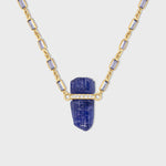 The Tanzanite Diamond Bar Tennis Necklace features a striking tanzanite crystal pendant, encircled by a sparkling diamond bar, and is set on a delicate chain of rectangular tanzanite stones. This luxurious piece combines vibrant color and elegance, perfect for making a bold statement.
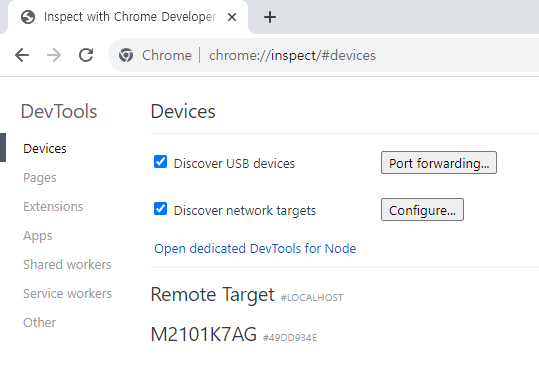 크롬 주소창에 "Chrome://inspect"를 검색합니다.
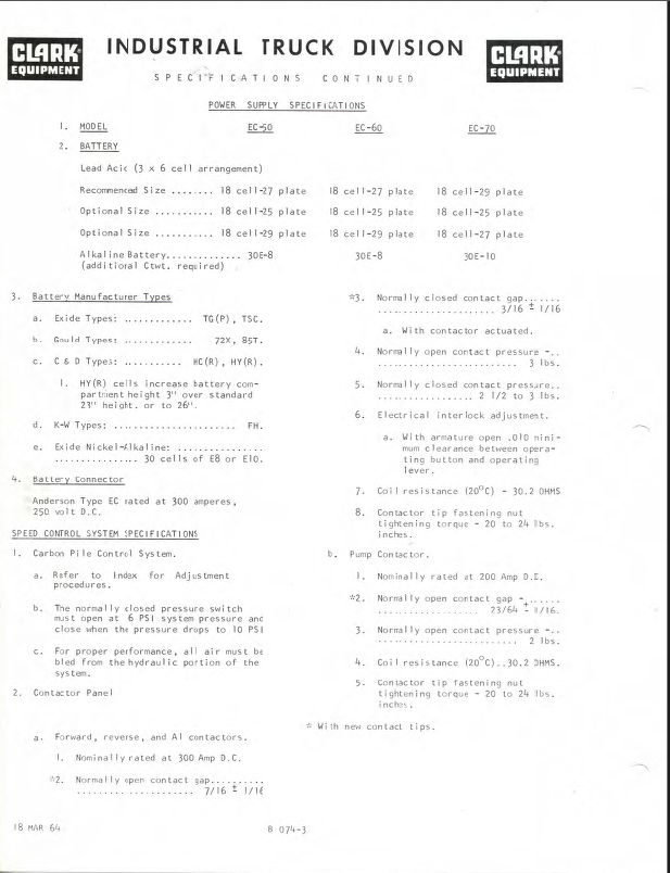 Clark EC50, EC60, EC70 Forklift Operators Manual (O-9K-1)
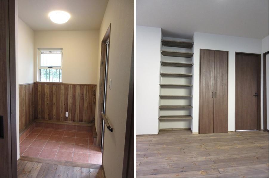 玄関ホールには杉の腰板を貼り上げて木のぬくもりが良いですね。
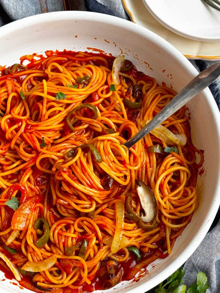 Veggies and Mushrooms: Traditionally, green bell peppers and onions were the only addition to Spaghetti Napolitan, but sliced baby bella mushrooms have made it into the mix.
========================
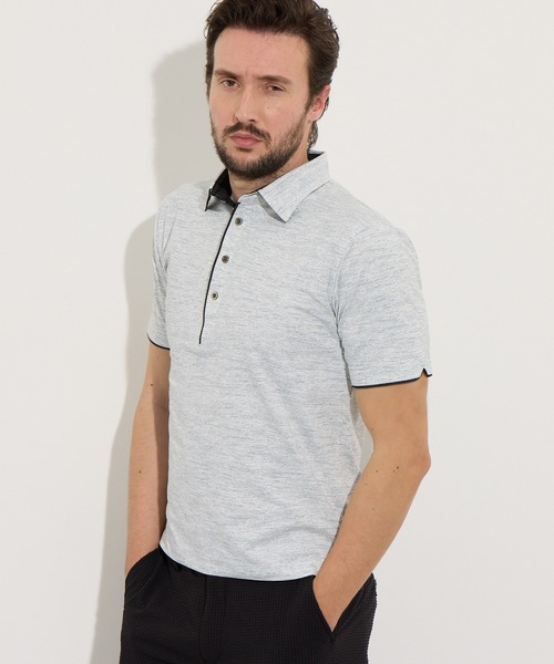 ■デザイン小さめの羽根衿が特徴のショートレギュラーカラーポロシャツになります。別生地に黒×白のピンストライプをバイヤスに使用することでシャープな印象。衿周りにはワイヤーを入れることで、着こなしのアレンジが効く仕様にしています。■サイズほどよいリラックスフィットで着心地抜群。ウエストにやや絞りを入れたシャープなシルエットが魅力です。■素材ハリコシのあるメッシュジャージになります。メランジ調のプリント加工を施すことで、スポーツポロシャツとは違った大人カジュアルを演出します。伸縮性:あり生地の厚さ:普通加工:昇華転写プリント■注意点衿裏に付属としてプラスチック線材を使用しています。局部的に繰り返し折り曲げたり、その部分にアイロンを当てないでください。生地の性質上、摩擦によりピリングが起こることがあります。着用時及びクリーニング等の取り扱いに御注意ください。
========================
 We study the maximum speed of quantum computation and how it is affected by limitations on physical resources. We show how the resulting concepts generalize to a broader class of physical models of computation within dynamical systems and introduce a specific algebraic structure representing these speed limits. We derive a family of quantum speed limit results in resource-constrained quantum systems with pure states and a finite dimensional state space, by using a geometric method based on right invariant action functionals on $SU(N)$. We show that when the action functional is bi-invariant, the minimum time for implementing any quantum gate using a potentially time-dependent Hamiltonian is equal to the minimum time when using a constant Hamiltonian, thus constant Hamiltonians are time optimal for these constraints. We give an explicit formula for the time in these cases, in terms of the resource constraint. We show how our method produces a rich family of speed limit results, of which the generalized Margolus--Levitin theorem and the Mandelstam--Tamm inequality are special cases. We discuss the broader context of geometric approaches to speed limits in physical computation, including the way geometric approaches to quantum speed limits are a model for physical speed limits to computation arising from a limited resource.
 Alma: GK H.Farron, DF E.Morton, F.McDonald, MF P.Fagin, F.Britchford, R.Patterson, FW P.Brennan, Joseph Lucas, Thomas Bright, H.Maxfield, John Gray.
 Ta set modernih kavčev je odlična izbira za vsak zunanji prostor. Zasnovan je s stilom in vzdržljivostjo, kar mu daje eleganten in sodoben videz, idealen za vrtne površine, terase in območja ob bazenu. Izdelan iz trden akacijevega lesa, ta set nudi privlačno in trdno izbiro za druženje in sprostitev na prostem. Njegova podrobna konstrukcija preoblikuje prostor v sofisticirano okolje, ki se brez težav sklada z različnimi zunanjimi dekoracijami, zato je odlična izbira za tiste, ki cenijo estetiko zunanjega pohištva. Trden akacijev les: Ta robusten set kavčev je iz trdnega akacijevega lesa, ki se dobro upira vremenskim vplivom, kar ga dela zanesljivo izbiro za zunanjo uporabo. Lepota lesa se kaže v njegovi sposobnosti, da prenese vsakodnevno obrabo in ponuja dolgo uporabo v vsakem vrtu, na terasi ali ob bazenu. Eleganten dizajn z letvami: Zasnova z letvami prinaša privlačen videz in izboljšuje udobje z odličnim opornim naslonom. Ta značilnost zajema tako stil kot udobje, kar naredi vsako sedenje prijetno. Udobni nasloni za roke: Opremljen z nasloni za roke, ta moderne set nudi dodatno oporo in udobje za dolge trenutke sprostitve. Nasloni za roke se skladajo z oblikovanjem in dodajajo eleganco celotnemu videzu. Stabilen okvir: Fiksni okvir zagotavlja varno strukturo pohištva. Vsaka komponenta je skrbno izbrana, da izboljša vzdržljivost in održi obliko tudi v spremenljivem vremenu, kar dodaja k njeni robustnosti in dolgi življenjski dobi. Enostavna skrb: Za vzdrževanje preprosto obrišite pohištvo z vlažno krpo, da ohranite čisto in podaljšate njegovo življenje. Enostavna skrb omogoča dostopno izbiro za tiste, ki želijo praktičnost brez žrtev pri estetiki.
========================
Problem description:
Between and including the line with "The Tanzanite Diamond" and the line with "Veggies and Mushrooms: Traditionally, green", repeat every line exactly as it appears above, with pictures left out.

Response to the task:
 The Tanzanite Diamond Bar Tennis Necklace features a striking tanzanite crystal pendant, encircled by a sparkling diamond bar, and is set on a delicate chain of rectangular tanzanite stones. This luxurious piece combines vibrant color and elegance, perfect for making a bold statement.
 크롬 주소창에 "Chrome://inspect"를 검색합니다.
 Clark EC50, EC60, EC70 Forklift Operators Manual (O-9K-1)
 玄関ホールには杉の腰板を貼り上げて木のぬくもりが良いですね。
 Veggies and Mushrooms: Traditionally, green bell peppers and onions were the only addition to Spaghetti Napolitan, but sliced baby bella mushrooms have made it into the mix.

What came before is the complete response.